Would you buy, drive, or let your kids ride in a car whose manufacturer:
* Made cars that were mandated and paid for by the government?
* Could not be sued if their cars injured or killed you?
* Did NO initial safety tests on crash dummies and NO long-term safety or build-quality tests?
* Hid and lied about substandard parts and negative safety outcomes?
* Repeatedly made cars that were recalled and fined for safety and production violations?
* Made cars that didn’t work but had to be bought repeatedly even though they didn’t work?
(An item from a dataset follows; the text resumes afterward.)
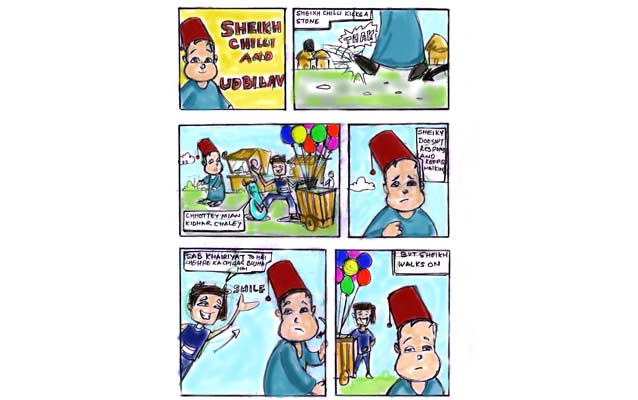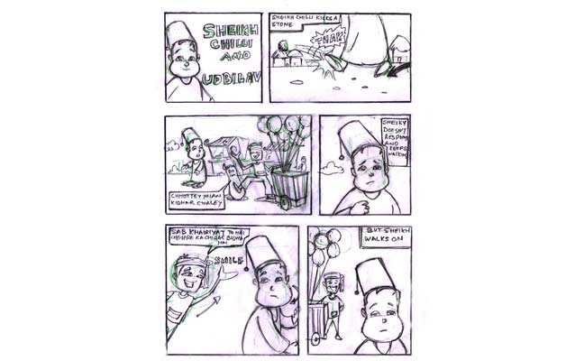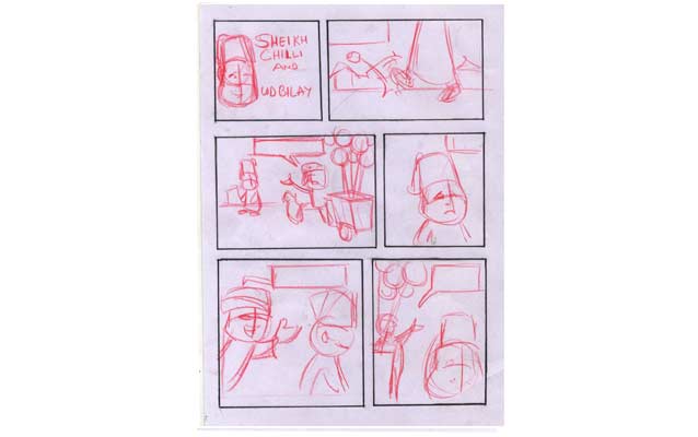 "Sheikh Chilli" is a notorious comic character popular in India. Here are some exclusive pictures to provide a step-by-step guide to readers for understanding the procedure of conceptualizing and designing a comic character.
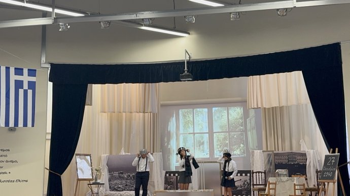 Στο πλαίσιο του ενδοσχολικού εορτασμού για την εθνική επέτειο της 28ης Οκτωβρίου τα παιδιά των Στ τάξεων παρουσίασαν τη θεατρική διασκευή του βιβλίου της Άλκης Ζέη « Ο μεγάλος περίπατος του Πέτρου». Οι μαθητές και οι μαθήτριες του Σχολείου μας ταξίδεψαν μαζί με τους ήρωες του βιβλίου στην Ελλάδα του ελληνοϊταλικου πολέμου, της κατοχής και της αντίστασης γνωρίζοντας τον αγώνα του ελληνικού λαού εναντίον του ναζισμού και επικράτηση της ελευθερίας και της δημοκρατίας.

* Was widely touted by media as producing high-quality, safe, and desirable cars?
* Sold cars with side effects such as:
--- Driving off cliffs without warning?
--- Crashing unexpectedly into walls, trees, and houses?
--- Steering unexpectedly into oncoming traffic?
--- Emitting toxic fumes?
--- Leaving you stranded on the side of the road?
If the answer to any of these questions is NO, why would you let yourself or loved ones be injected with an untested, unsafe, unnecessary shot for a highly treatable disease? Just asking!
Well, this work is surely impeccable, but it seems dubious to rely on government data for any of this, particularly from the Netherlands, where the PM is not only a loyal WEF stooge, but one who denies it directly. This isn't to say the data is doctored, but we should be curious about the kind of classification policies implemented behind the scenes in this country.